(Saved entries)
----

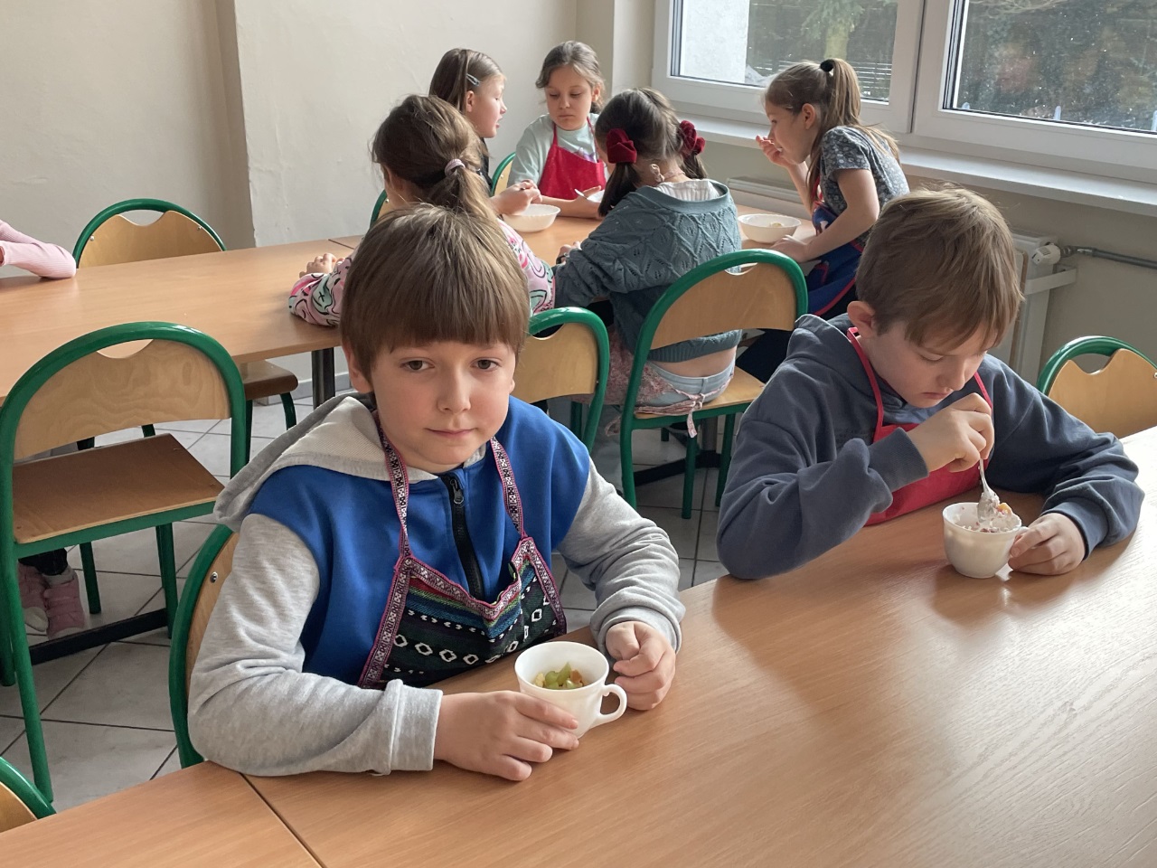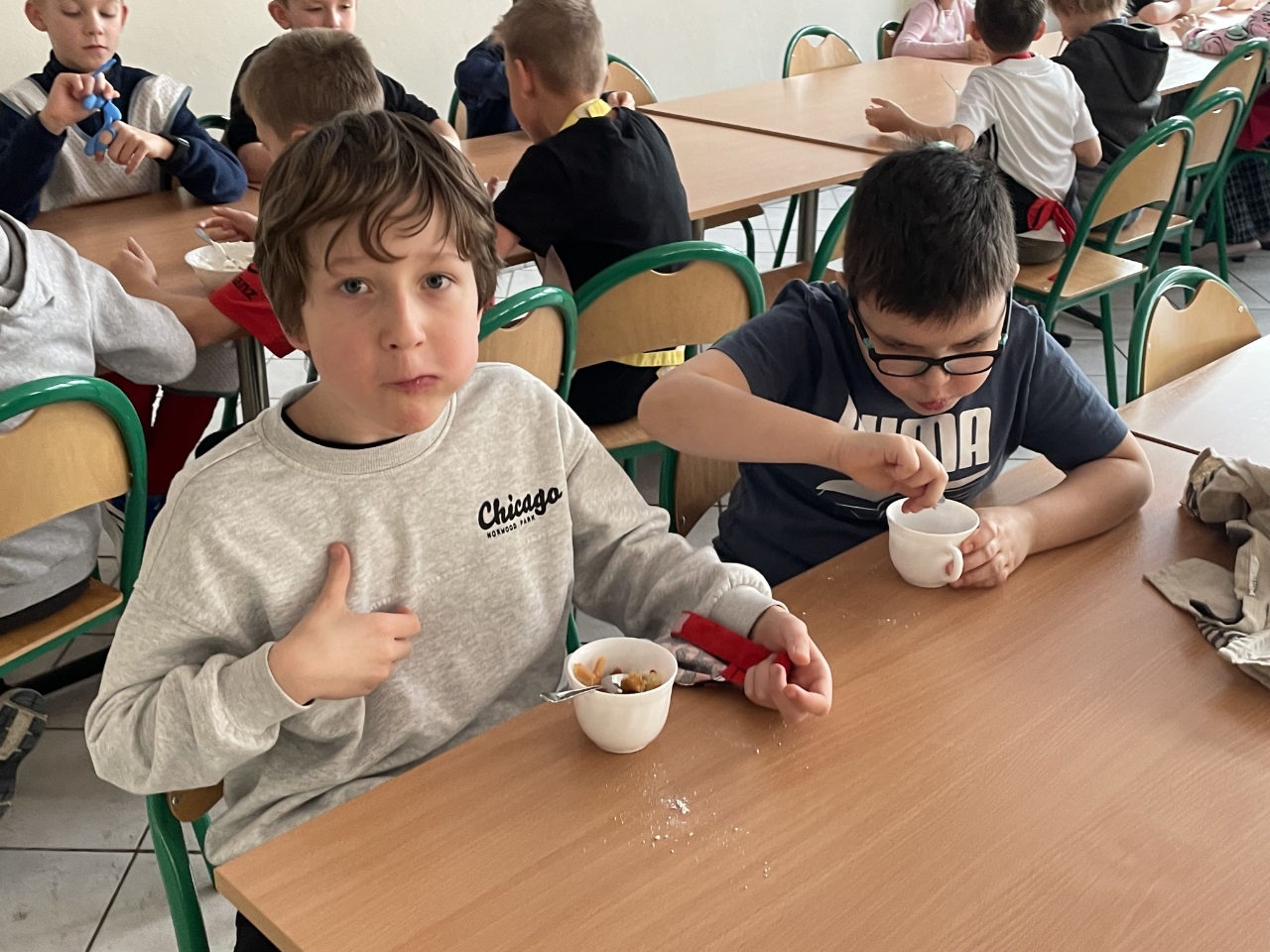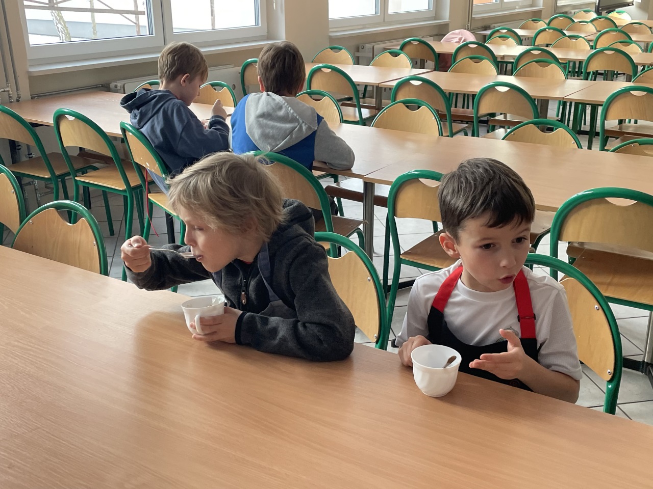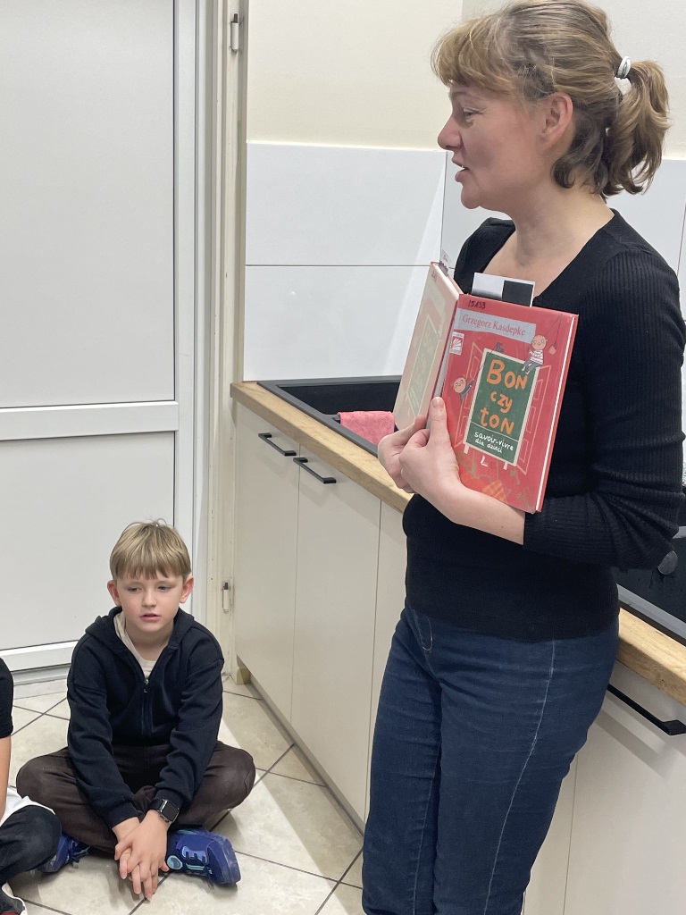 Dziś w ramach innowacji pedagogicznej „Radość czytania i gotowania” uczniowie klasy 2c wysłuchali fragmentu książki Grzegorza Kasdepke „Bon czy ton. Savoir-vivre dla dzieci” dotyczącego właściwego zachowania przy stole oraz zasad higieny podczas przygotowywania posiłków.
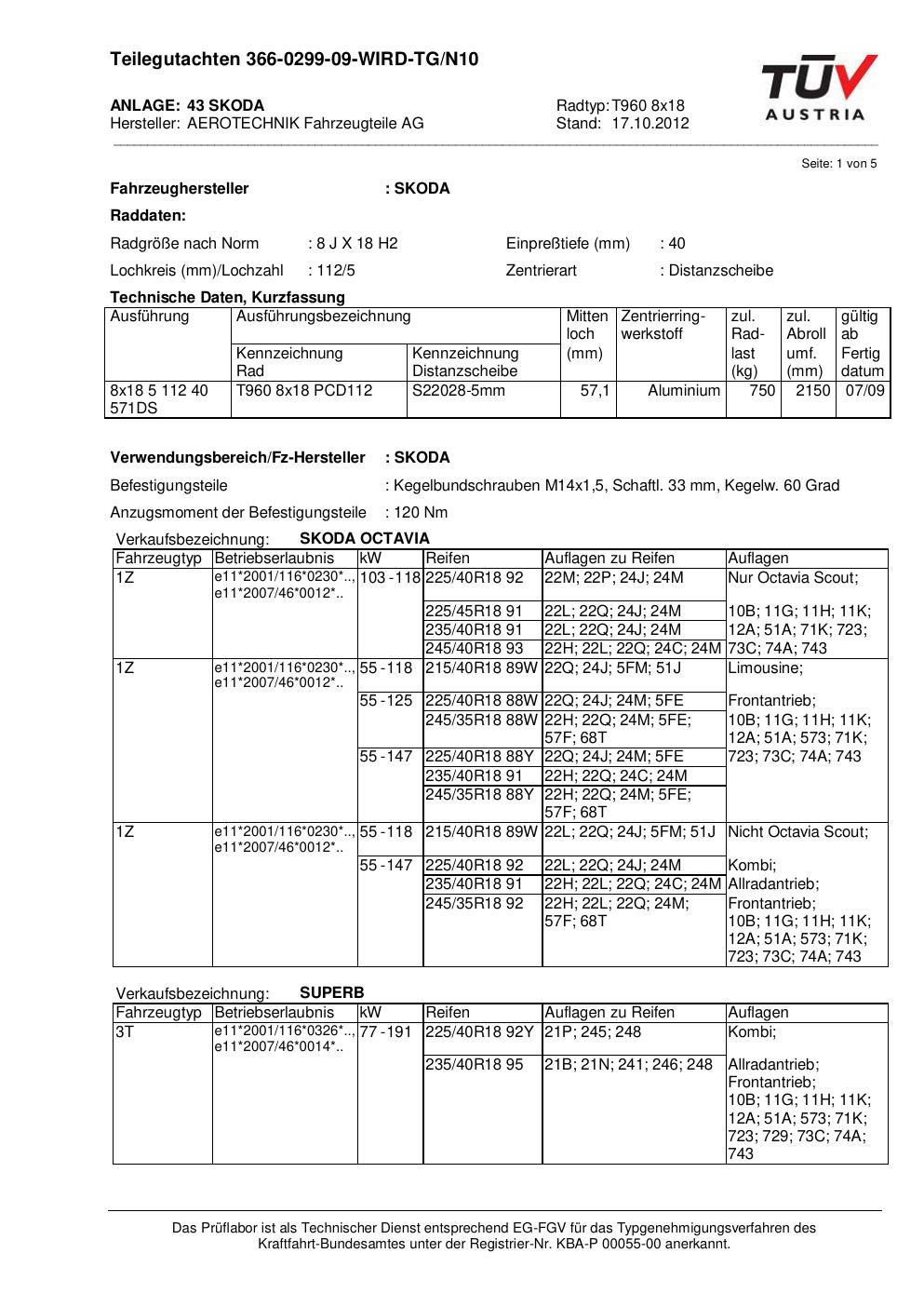 Dieses Gutachten (teilegutachten) bezieht sich auf die Alufelge ATS T960 8x18 in der Ausführung 8Jx18 ET 0, Mittenloch 0 mm . Im PDF findest du typischerweise zulässige Reifengrößen, Auflagen/Anbauhinweise und – je nach Dokument – Hinweise zur Eintragung.
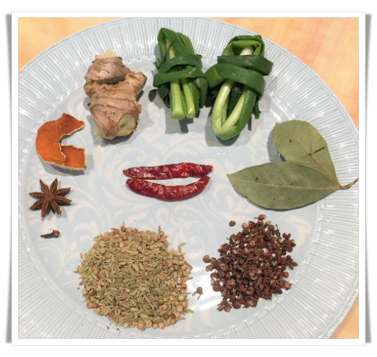 香料:小茴香10克,白胡椒2克,八角1个,香叶2片,花椒3克,陈皮1克,干辣椒2个,草果1个,丁香1个,桂皮1克。
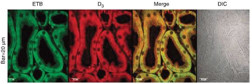 D3 dopamine receptor and ET-B colocalize using Anti-ET-B antibody (#AER-002) in kidneys from rat. Colocalization appears as yellow after merging the images of fluorescein isothiocyanate-tagged ET-B receptor (green) and Alexa 568-tagged D3 receptor (red). No staining is seen without the antibodies (DIC). DIC, differential interference contrast.
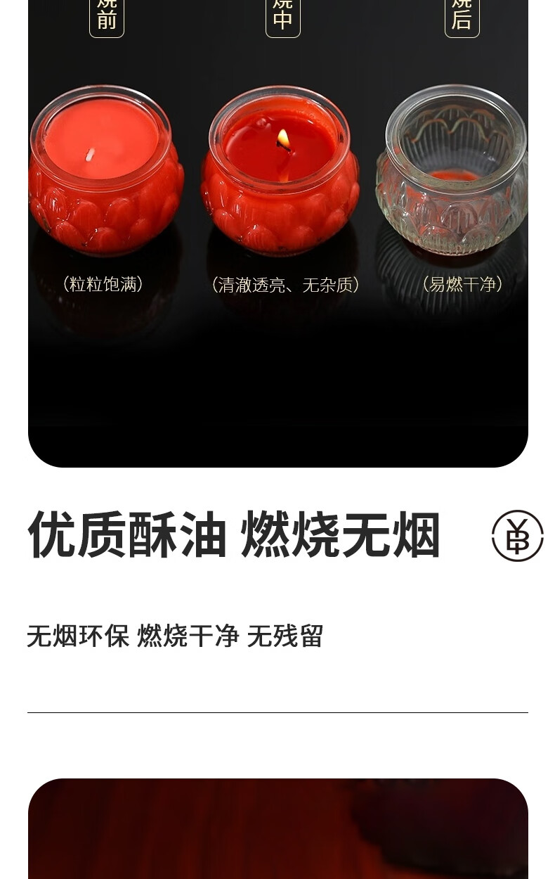 商品名称: 秉优24小时平口莲花灯6个装 酥油灯无烟供佛蜡烛佛前供灯圆莲花长明灯 蜡烛/套
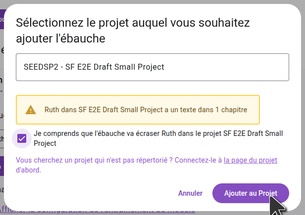 Dans la boîte de dialogue qui s'ouvre, sélectionnez le projet dans lequel vous voulez importer l'ébauche. Si le projet n'a pas encore été connecté à Scripture Forge, vous devrez d'abord le connecter. Important: Importer l'ébauche remplacera tout contenu existant dans le projet pour ce livre.
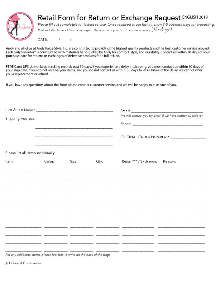 Retail Form for Return or Exchange Request ENGLISH 2019Please fill out completely for fastest service. Once received at our facility, allow 35 business days for processing. Print and attach the address
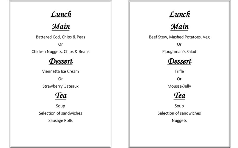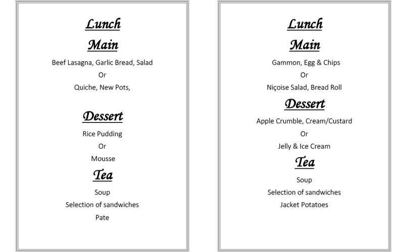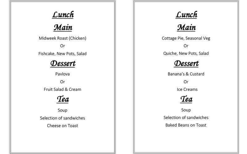 We can cater for all dietary requirements - special diets, low fat, diabetic, low sodium, gluten free, vegetarian and if aware of a diagnosis all illnesses requiring specialist diets. Sample menus shown here.
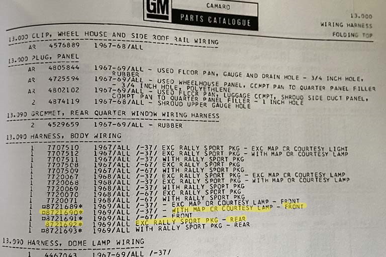 I've found serveral id tags on my '69 Camaro wire harnesses that appear to be the last four digits of the GM part number. For example, the rear harness tag below is 1692 and the p/n is 8721692 (without the RS option). Likewise the dash to rear harness is labelled 1690 and with the auxiliary lighting option (ZJ9) the p/n is 8721690. The instrument harness also had an orange label 7663 matching p/n 6297663 (with console guages) Is anyone (Steve) able to confirm that this is correct? There could be a lot of useful information obtained from these.
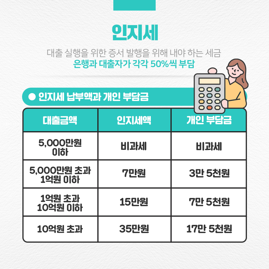 대출을 받게 되면 재산상의 권리의 변동 및 승인을 표시하는 증서를 발행하게 되는데, 해당 서류를 발행할 때 ‘인지세’라는 세금이 부과됩니다. 인지세는 대출거래약정에 따라 은행과 대출자가 각각 50%씩 납부하게 됩니다. 다만 대출 실행 시 부과된 금액만큼 자동으로 제외하고 실행되며 금융기관에서 세무서로 납부를 해주기 때문에 대출자가 따로 납부할 필요는 없습니다.
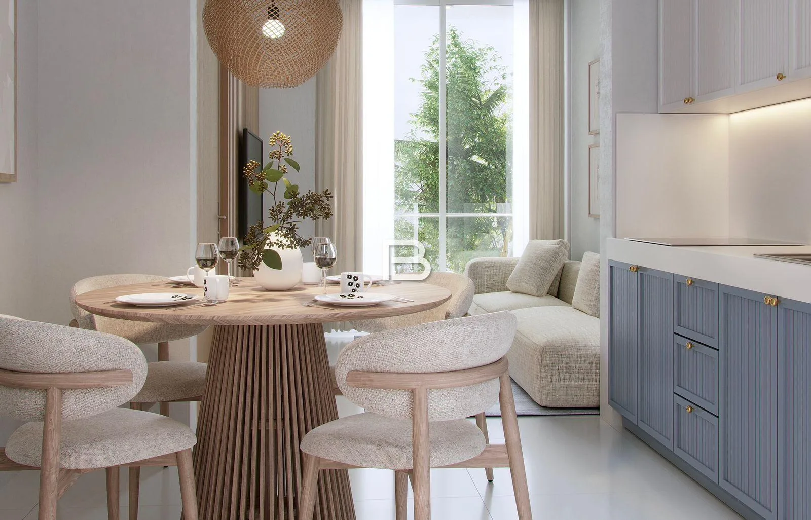The unit offers 31 square meters of interior space and features a private terrace with direct swim-up pool access. It is delivered fully equipped.
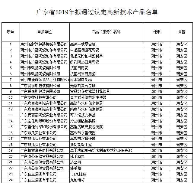 根据《关于组织申报广东省2019年高新技术产品认定的通知》(粤高企协〔2019〕8号)的要求,经企业申报、专家评审等规定程序,2019年广东省高新技术产品认定评审工作已完成。高速干式复合机 等33030项产品拟认定为广东省高新技术产品(名单见附件),现予以公示,公示期为5个工作日(11月21日截止)。

----

-- Work to complete --
Beginning with the line above that has "Dans la boîte" and going on through the line that has "We can cater", retype every line exactly and add nothing else; drop the pictures.

-- Result of this task --
 Dans la boîte de dialogue qui s'ouvre, sélectionnez le projet dans lequel vous voulez importer l'ébauche. Si le projet n'a pas encore été connecté à Scripture Forge, vous devrez d'abord le connecter. Important: Importer l'ébauche remplacera tout contenu existant dans le projet pour ce livre.
 Retail Form for Return or Exchange Request ENGLISH 2019Please fill out completely for fastest service. Once received at our facility, allow 35 business days for processing. Print and attach the address
 We can cater for all dietary requirements - special diets, low fat, diabetic, low sodium, gluten free, vegetarian and if aware of a diagnosis all illnesses requiring specialist diets. Sample menus shown here.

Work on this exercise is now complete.